15 de abril de 2015

Mi taxista, un tenista y yo.












El basket se está despidiendo, se nos escurre entre los dedos, en gran parte por culpa de esta comisión.

Quizás debamos volver al fútbol 5, es más para nosotros. Es un deporte deforme que bajo el disfraz de divertimento social, de encuentro de amigos o de aislados desafíos, nos enfrenta a un grupo de ya viejos chotos con la más patética versión de nosotros mismos.

No digo que sólo lo juguemos varones de cuarenta, pero noto que cuando un grupo que cumple esa condición lo hace, el evento adquiere su pico más alto de horribilidad, por lo tanto define y representa a la actividad en sí misma.

Se suele decir “Messi es el fútbol”, me baso en el mismo parámetro.

Hace unos años, de noche, después de jugar y perder malamente un desafío contra los ex compañeros de colegio de la mujer de un amigo, caminaba por Nuñez buscando un taxi.

Encontrarlo no fue una buena cosa.

Nunca me gustó elegir el taxi en el que voy a viajar. No me gusta. No me gusta evaluar su apariencia, ni si fuma el chofer o no fuma, si es radio taxi o un auto semi destruído deseoso de secuestrarme.

El taxi que elegí esa noche en Nuñez hubiera sido descartado por cualquier sommelier de taxis más o menos sensato.

El chofer, un viejo desparramado en su asiento, envuelto en humo, humedad, abandono y olor a perdida me ayudó a abrir la puerta de su Renault.

Le di la dirección de casa, me miró por el espejo y con el movimiento de sus ojos, azules y acuosos, me dio a entender que la información había sido recibida correctamente.

Los ambientes, el espacio que comparto con el resto de las personas siempre me afecta enormemente y no puedo resistirme. A los segundos de compartir viaje, me fundí y tomé como mío todo lo que ese taxi implicaba.

La depresión, el encierro, la mugre, las oportunidades desperdiciadas, la injusticia y la marginalidad que le atribuí se me pegaron por todos lados.

Éramos una sola cosa y viajábamos como podíamos para casa.

Doblando por Congreso, pegados a la vía, mi taxista hizo una maniobra que sintetizaba su desprecio por nuestra existencia encerrando a una lustrosa 4x4, pasándole finito y ubicándose delante suyo, rezagando al tanque lujoso y obligándolo a maniobrar de acuerdo a nuestra voluntad.

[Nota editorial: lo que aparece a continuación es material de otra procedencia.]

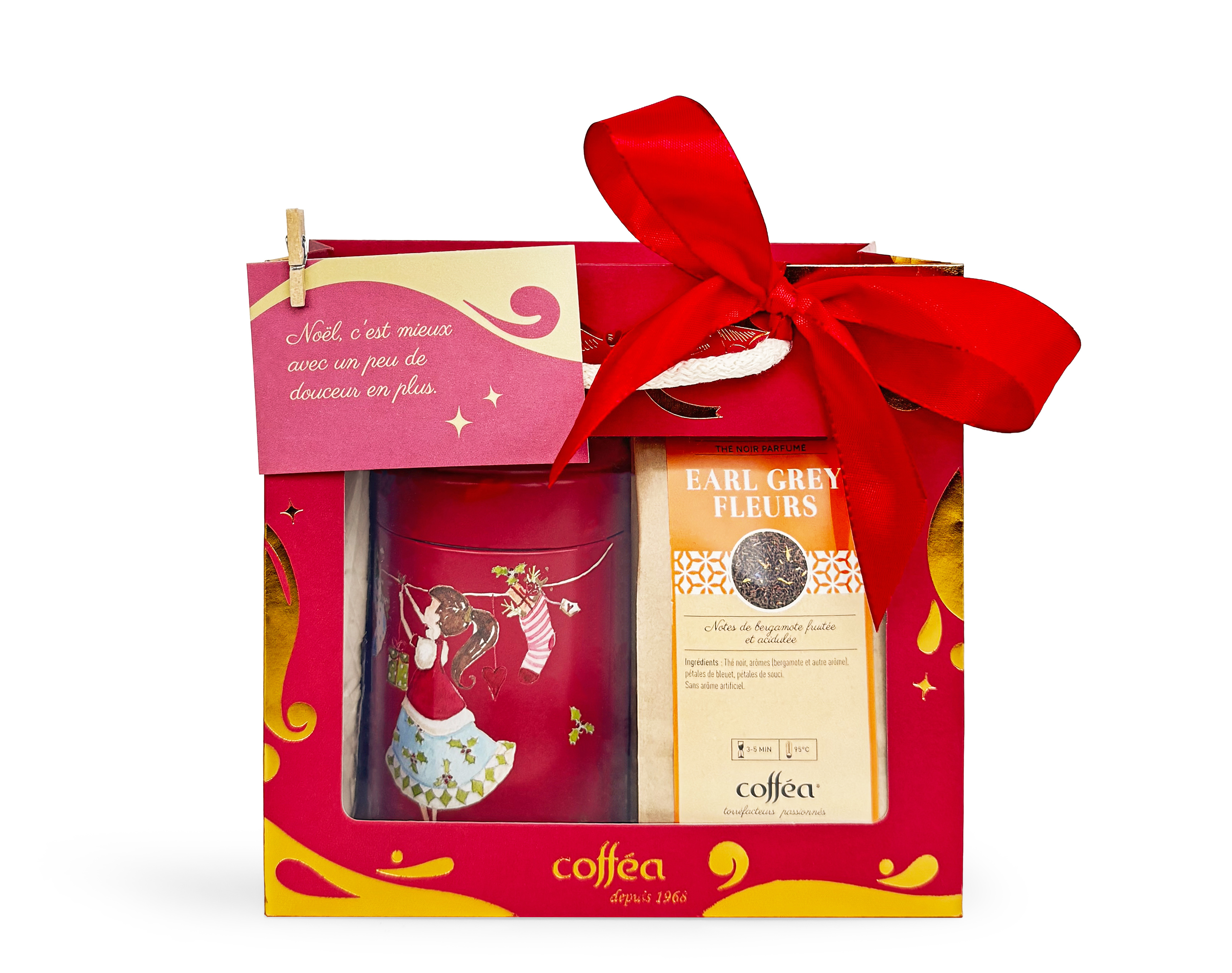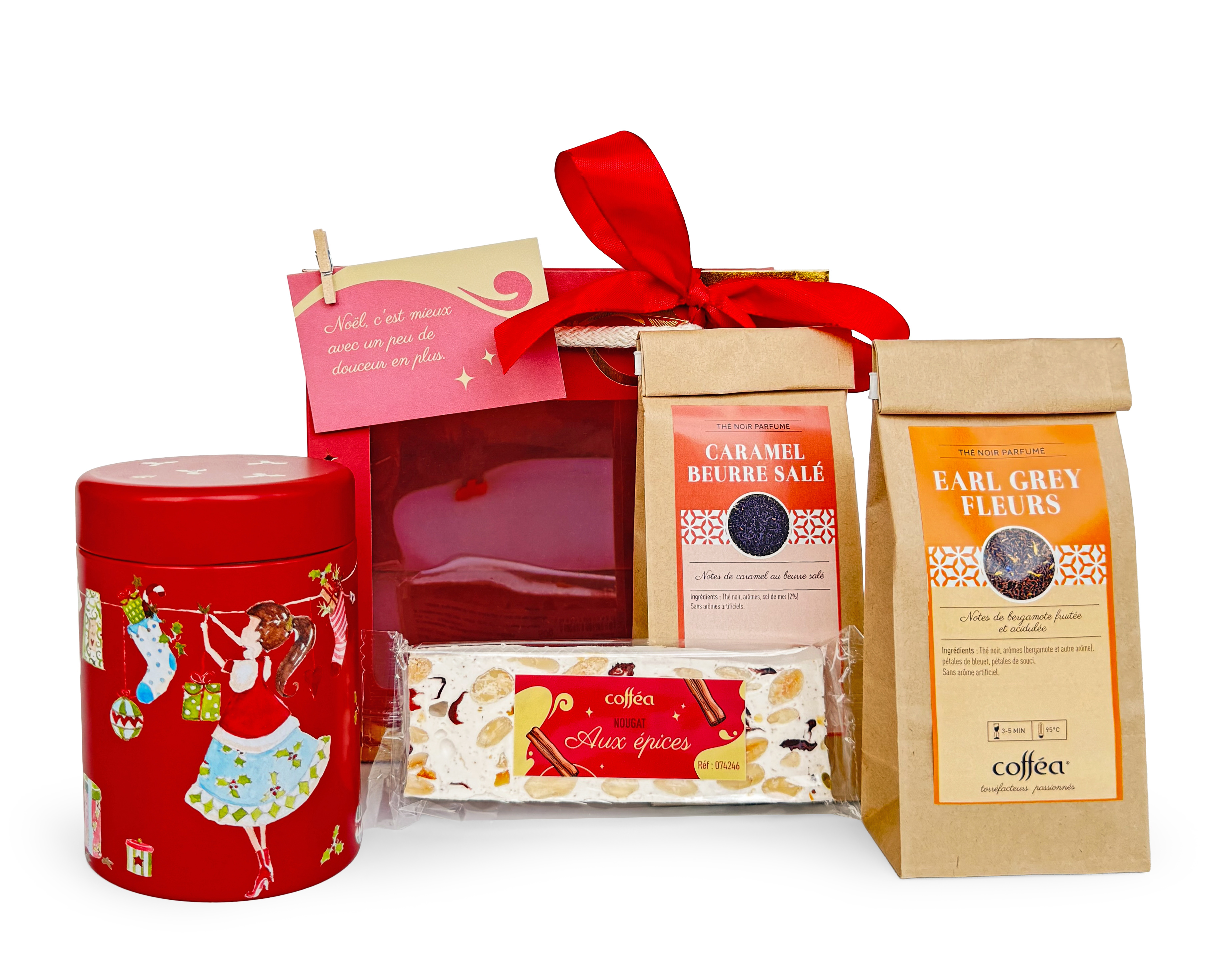 Sous un ciel parsemé d’étoiles, Saveurs étoilées invite à un voyage gourmand et raffiné. Le thé noir Earl Grey aux fleurs s’accorde avec la douceur du caramel au beurre salé, tandis que la barre de nougat aux épices révèle toute la chaleur des fêtes.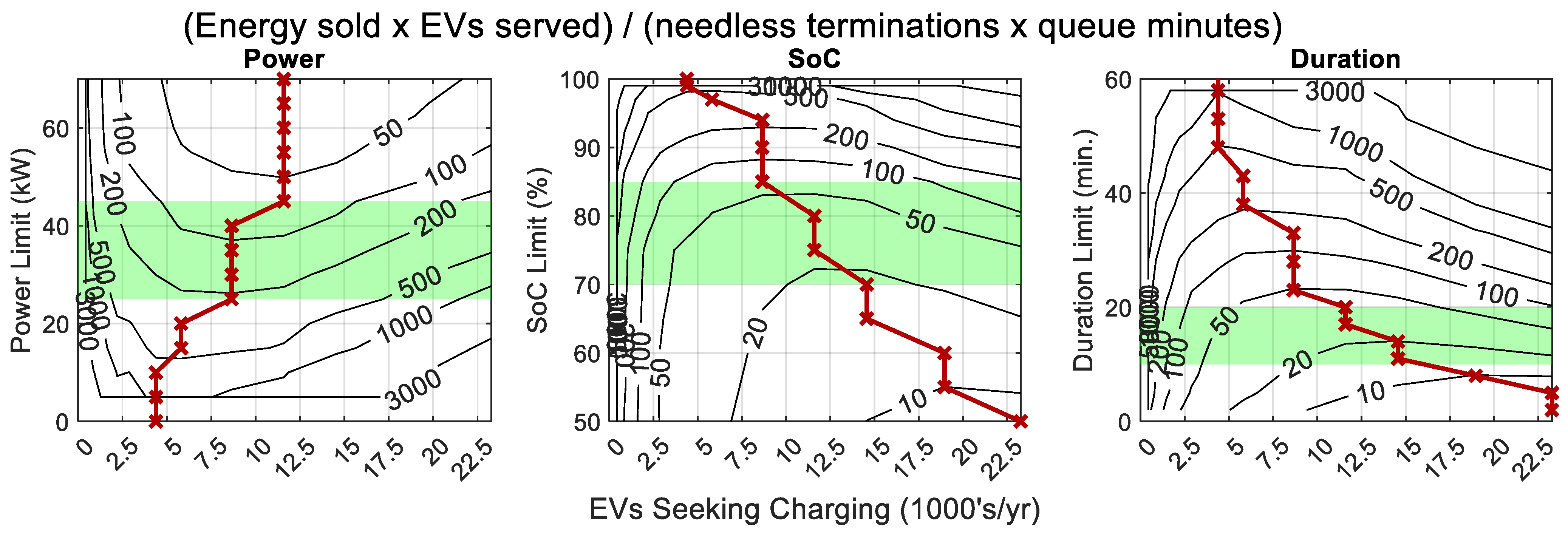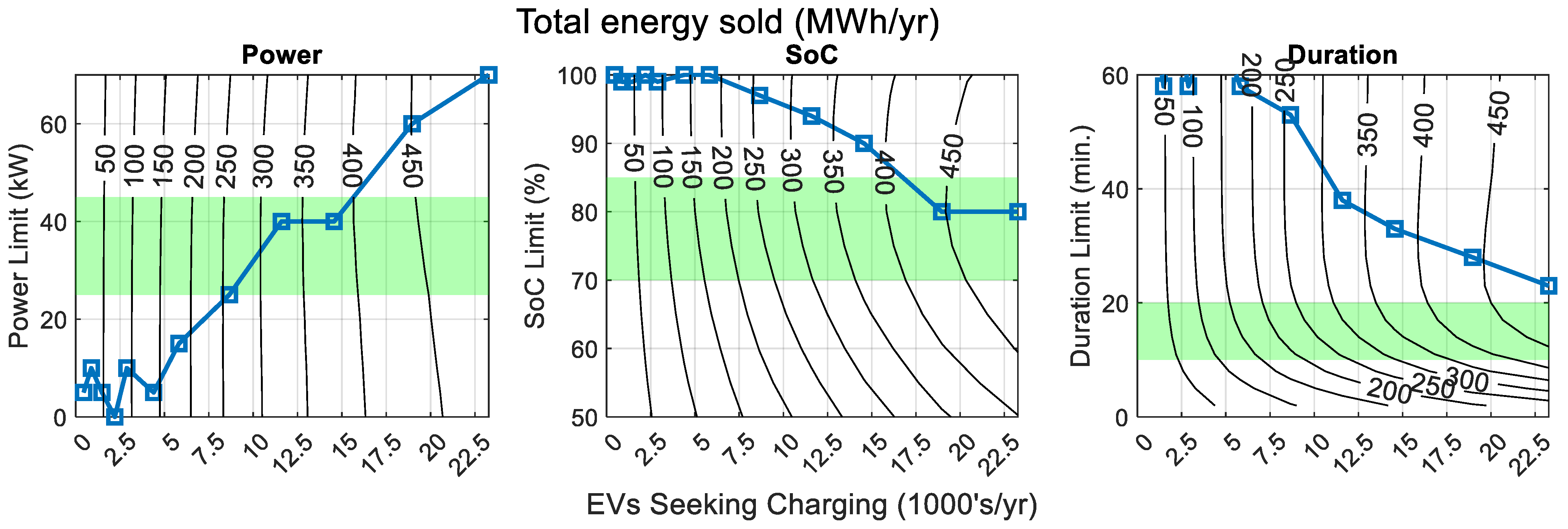 - Battery SoC (middle plots), under which a user would disconnect once their vehicle reaches a specified SoC (%). A lower maximum SoC threshold value (moving down in the plot) produces a more restrictive tariff, while the null hypothesis is reflected at y = 100% SoC.

Yo estaba entregado a la experiencia, no medí riesgos, no me asusté, tampoco imaginé que el conductor de la 4x4 iba a verse tan afectado en su autoestima de macho argentino como para empezar a perseguirnos como un demente.

Una persecución berreta y con interrupciones por las calles adoquinadas de Nuñez hacia Belgrano. Con insultos y amenazas pero respetuosa de los semáforos. Por mi parte mantuve el silencio, no le pedí nada a mi taxista, no me importaba, iba adormilado por el rancio perfume de la humedad, preocupado apenas por el asma que empezaba a hacer su gloriosa aparición en mis pulmones, respondiendo al llamado de los ácaros del entorno.

Finalmente nos interceptó, se cruzó y derrapó virílmente, como en Swat o en Sheriff Lobo. El conductor se bajó y encaró al viejo para destruirlo.

Era un fino tenista, prolijo, canchero, musculoso, cuarenta años mejor llevados que los míos. Si hubiera estado viajando con él no me sentiría tan sucio ni tan asmático, si probablemente más lindo, más garca y más proclive a vengarme de la ofensa del viejo taxista.

El tenista se asomó a la ventana abierta del taxi y empezó a golpear violentamente al tachero que no se defendía para nada, o eso parecía.

La lluvia de puños, saliva e insultos logró finalmente sacarme de mi parálisis.

Intervine.

Desde el asiento de atrás me puse entre el viejo y el tenista, devolviendo las trompadas que el taxista no daba. Me sorprendieron los pinchazos y la sangre.

Lo que no sabíamos, ni el tenista ni yo, era que el viejo tenía una punta oxidada, una navajita con la que sistemáticamente y con prolijidad fue transformando en colador al cancherísimo conductor de la 4x4, yo fui solamente daño colateral del accionar guerrillero.

Llegó la policía. La sorpresa y la sangre hace rato habían suspendido la pelea.

Al tenista se lo llevó una ambulancia, la cárcel fue el destino de ese monstruo de dos cabezas que éramos mi taxista y yo.

Pensándolo bien, lo del basket no es tan mala idea.